Along with a flurry of other announcements Cymer Inc . (San Diego) released around the SEMICON West 2007 timeframe was one claiming a victory for its extreme ultraviolet (EUV) lithography source. Toolmaker ASML (Veldhoven, Netherlands) has opted for Cymer's EUV source in high-volume manufacturing tools, signing a multi-year, multi-unit agreement, with the first shipment scheduled for late 2008.
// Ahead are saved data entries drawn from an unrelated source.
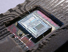 While the earliest microprocessor ICs literally contained only the processor, i.e. the central processing unit, of a computer, their progressive development naturally led to chips containing most or all of the internal electronic parts of a computer. The integrated circuit in the image on the right, for example, an Intel 8742, is an 8-bit microcontroller that includes a CPU running at 12 MHz, 128 bytes of RAM, 2048 bytes of EPROM, and I/O in the same chip.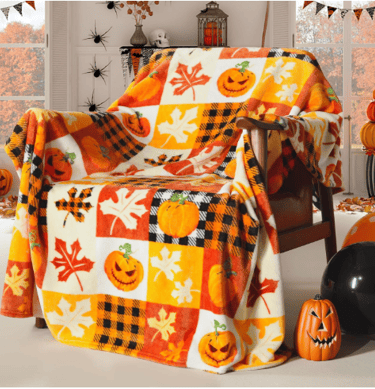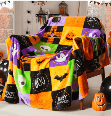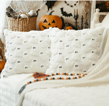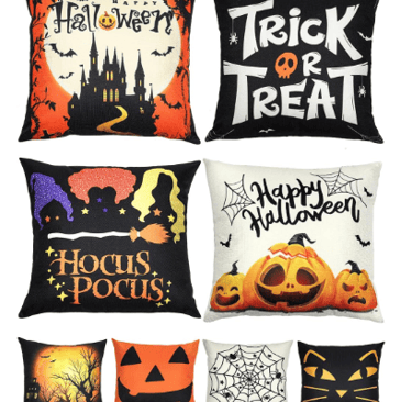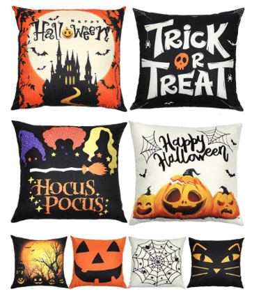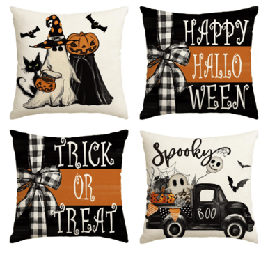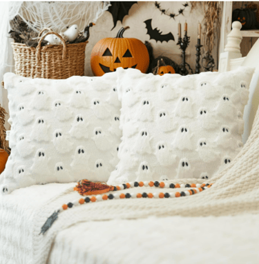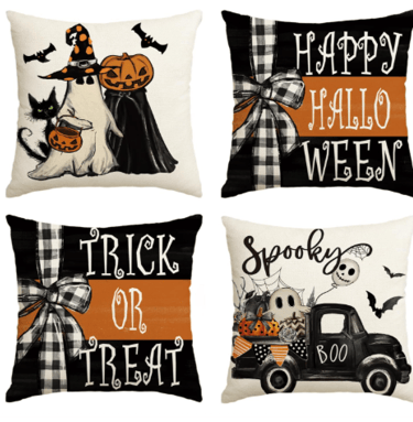 Swap your usual throws, pillows, or tablecloths for ones with fun Halloween prints — cats with hats, smiling pumpkins, or dancing bats. I toss themed throws on the couch, drape them over chairs, and even switch pillow covers. Colors like purple, orange, or lime green pair beautifully with neutrals. It’s an affordable and effortless way to refresh your space. Check out themed fabrics and funny Halloween pillows.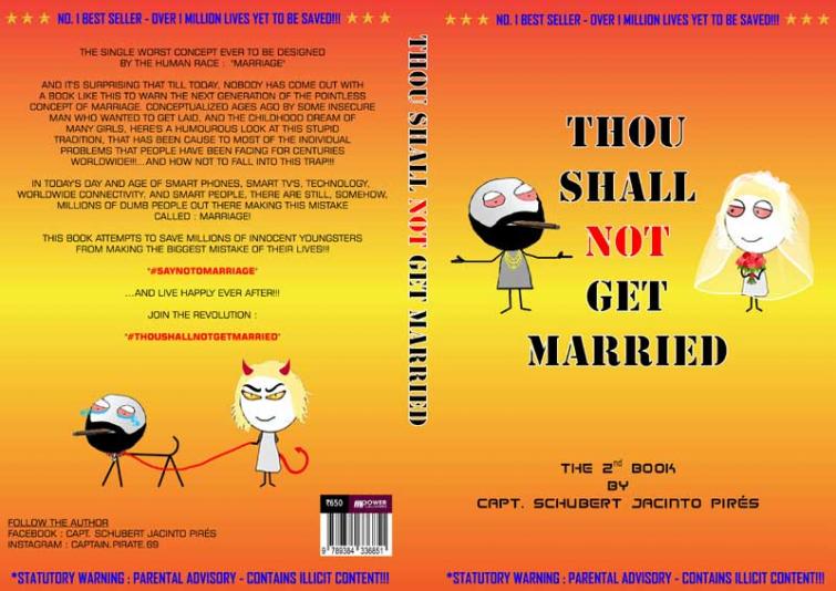 This book "Thou Shall Not Get Married" is a humorous look at what happens after marriage. Something that nobody tells the youngsters before they go in for it and then they're left in a shock. So this book throws light onto what to expect after getting married. So that the Next Generation can wisen up and take informed decisions on how to go about with their lives. Someday a lot of them will be thanking me for this book.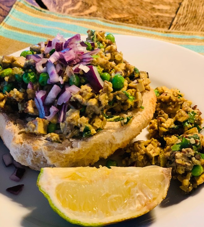 Für die Vorbereitung muss man sich etwas Zeit nehmen, denn diese Pilzmenge und den geräucherten Tofu sehr klein zu schneiden braucht etwas Zeit. Beim Tofu kann man sehr gerne einen gut gewürzten Räuchertofu verwenden, ich habe mich für einen mit Sesamkörnern entschieden. In einer grossen und möglichst beschichteten Pfanne die weisse Zwiebel ca. 10 Minuten auf mittlerer Hitze braten, bis sie karamellisiert, aber nicht zu sehr gebräunt ist – dann Ingwer und die Chilis zufügen, den Knoblauch dazu pressen und für ungefähr 2 Minuten anschwitzen. Die Mandeln für ca. 5 Minuten mitbraten und am Ende die Gewürze und das Salz zufügen, es kann leicht klumpen, das gibt sich wieder, sobald man die Pilze und den Tofu hinzugegeben hat. Das ist zunächst ein grosser Haufen, aber nach ca. 10 – 12 Minuten sind die Pilze zusammengefallen. Dann die Erbsen und Edamame zugeben und nochmals für ein paar Minuten die Mischung erhitzen, vom Herd nehmen, die frisch gehackten Kräuter zugeben und mischen. Die Brötchenhälften entweder mit Öl beträufeln und in der Pfanne rösten oder in den Toaster stecken, bis sie leicht knusprig sind.

Hand in hand with this ASML agreement, Cymer detailed its latest advances in its laser-produced plasma (LPP) source technology, including reaching a source power of 50 W — double the power output the company had previously announced. Cymer intends to double that output again by the end of the year, ultimately aiming for at least 200 W for volume manufacturing. The 100 W end-of-year goal was previously considered on track for a high-volume EUV scanner, but that has been a moving target. Original estimates depended on ideal resist sensitivities and mirror systems. Lacking those, power requirements could go up by a factor of 2 or 3, according to Nigel Farrar, Cymer's vice president, lithography applications marketing.

Cymer made the switch from a discharge-produced plasma (DPP) source to an LPP source about three years ago, initially using excimer as the drive laser technology and lithium as the target material.¹ The latest incarnation of the EUV source — in operation since June 2006 — uses a multi-staged CO₂ laser and a tin droplet target. Several developers have switched focus from DPP to LPP sources largely because LPP sources are considered to be more scalable and, therefore, more able to create the power needed for high scanner throughputs. They have also switched from primarily xenon targets to tin for its higher conversion efficiency.
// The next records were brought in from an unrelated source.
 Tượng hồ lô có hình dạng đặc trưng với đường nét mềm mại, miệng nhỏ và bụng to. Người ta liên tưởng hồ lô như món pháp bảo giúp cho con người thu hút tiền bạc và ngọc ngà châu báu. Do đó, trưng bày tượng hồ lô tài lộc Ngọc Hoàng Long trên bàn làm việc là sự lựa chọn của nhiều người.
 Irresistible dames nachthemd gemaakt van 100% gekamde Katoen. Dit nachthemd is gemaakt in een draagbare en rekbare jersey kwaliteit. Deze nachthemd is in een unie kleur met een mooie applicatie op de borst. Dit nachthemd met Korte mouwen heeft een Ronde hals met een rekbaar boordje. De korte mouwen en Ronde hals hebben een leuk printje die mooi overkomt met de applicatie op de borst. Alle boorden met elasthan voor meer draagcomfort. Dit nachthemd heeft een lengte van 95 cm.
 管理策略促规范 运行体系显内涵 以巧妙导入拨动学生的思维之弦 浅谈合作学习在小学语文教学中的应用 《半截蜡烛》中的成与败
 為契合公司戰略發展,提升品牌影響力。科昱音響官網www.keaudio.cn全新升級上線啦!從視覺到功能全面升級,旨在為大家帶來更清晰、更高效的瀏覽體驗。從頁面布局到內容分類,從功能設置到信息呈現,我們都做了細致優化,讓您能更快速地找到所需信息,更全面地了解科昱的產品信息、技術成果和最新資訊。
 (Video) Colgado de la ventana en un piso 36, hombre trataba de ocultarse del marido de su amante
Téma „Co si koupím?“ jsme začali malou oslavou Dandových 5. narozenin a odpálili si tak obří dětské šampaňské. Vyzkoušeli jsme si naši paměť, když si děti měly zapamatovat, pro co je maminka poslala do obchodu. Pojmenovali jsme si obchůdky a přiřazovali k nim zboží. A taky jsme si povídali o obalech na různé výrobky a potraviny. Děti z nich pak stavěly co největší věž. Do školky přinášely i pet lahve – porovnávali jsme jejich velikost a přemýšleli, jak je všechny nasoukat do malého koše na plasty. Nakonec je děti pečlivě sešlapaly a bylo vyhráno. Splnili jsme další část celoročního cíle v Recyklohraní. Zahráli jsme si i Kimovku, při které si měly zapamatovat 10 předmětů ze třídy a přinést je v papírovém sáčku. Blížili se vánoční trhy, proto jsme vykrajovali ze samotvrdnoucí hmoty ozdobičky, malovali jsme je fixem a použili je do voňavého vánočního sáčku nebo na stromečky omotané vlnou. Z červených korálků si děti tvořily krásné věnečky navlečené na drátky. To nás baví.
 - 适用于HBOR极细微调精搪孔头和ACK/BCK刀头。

EUV source is a laser-produced plasma (LPP) generated by a CO2 laser on a tin droplet target. (Source: Cymer)

However, tin causes increased concern with debris mitigation and, thus, the lifetime of the expensive multilayer-mirror collector. But Cymer began talking about its improved debris mitigation system earlier this year, and Farrar contends that it is a key part of making EUV technology affordable. Enabling a collector lifetime of about a year, Cymer is "pretty far ahead of the others," he said. Cymer has also demonstrated its source on actual tin droplets, rather than the larger tin surfaces that are typically being used.

In August of last year, ASML delivered two alpha demo tools (ADTs) — one to IMEC (Leuven, Belgium) and the other to the College of Nanoscale Science and Engineering (CNSE) at the University at Albany (N.Y.). Those tools are currently equipped with DPP sources from Philips Xtreme UV GmbH (Aachen, Germany). But word is the tools were unable to perform at the levels required even for research projects. In a conversation with Semiconductor International at SEMICON West 2007, IMEC's Ludo Deferm said that the DPP source resulted in a scanner output of only 0.2 wph. He said that program partners were asking IMEC to speed things up, but they were limited by the source.
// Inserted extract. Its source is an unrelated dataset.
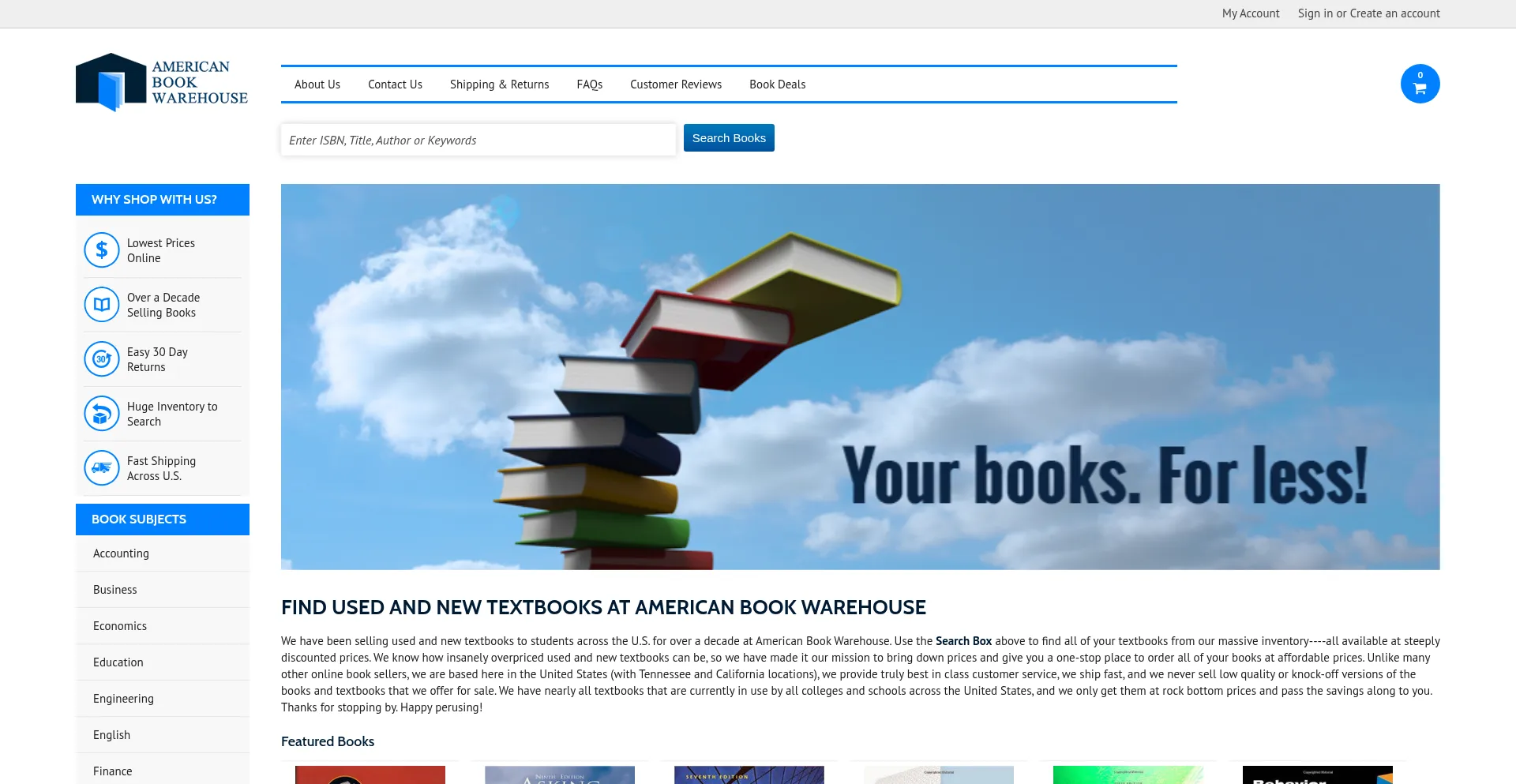 American Book Warehouse – We are the number 1 place to find cheap textbooks online. Visit us to buy used textbooks, college textbooks. We focus on student needs in the United ...

Cymer set its EUV source roadmap at the beginning of last year, Farrar said, and has hit each mark since. He speaks with confidence, therefore, about his company's ability to get to 200–225 W in the not-so-distant future. The latest advances show where the improvements need to be made to get there, he said.

But now the work has begun to integrate the 10–15 different technologies that need to come together to make the EUV source ready for ASML's production scanner. One tricky aspect of the integration scheme will be to minimize the number of bounces that the EUV beam has to make off of various optical elements, meaning that the source will no longer be allowed to wind its way to the scanner from the subfab, Farrar said. Engineers must come up with an optimal illumination scheme for the source characteristics. "You certainly need the plasma source very close to the exposure tool," he noted.

With the multilayer mirrors, the best reflectivity that's been achieved is ~69%. Normal and grazing incidences are best, Farrar said, and if the beam angle is changed, that reflectivity goes down, meaning there's not much freedom to redirect the beam.

Cymer engineers will have their work cut out for them over the next 16 months or so, Farrar noted, adding, however, that they are well on track to meet ASML's schedule.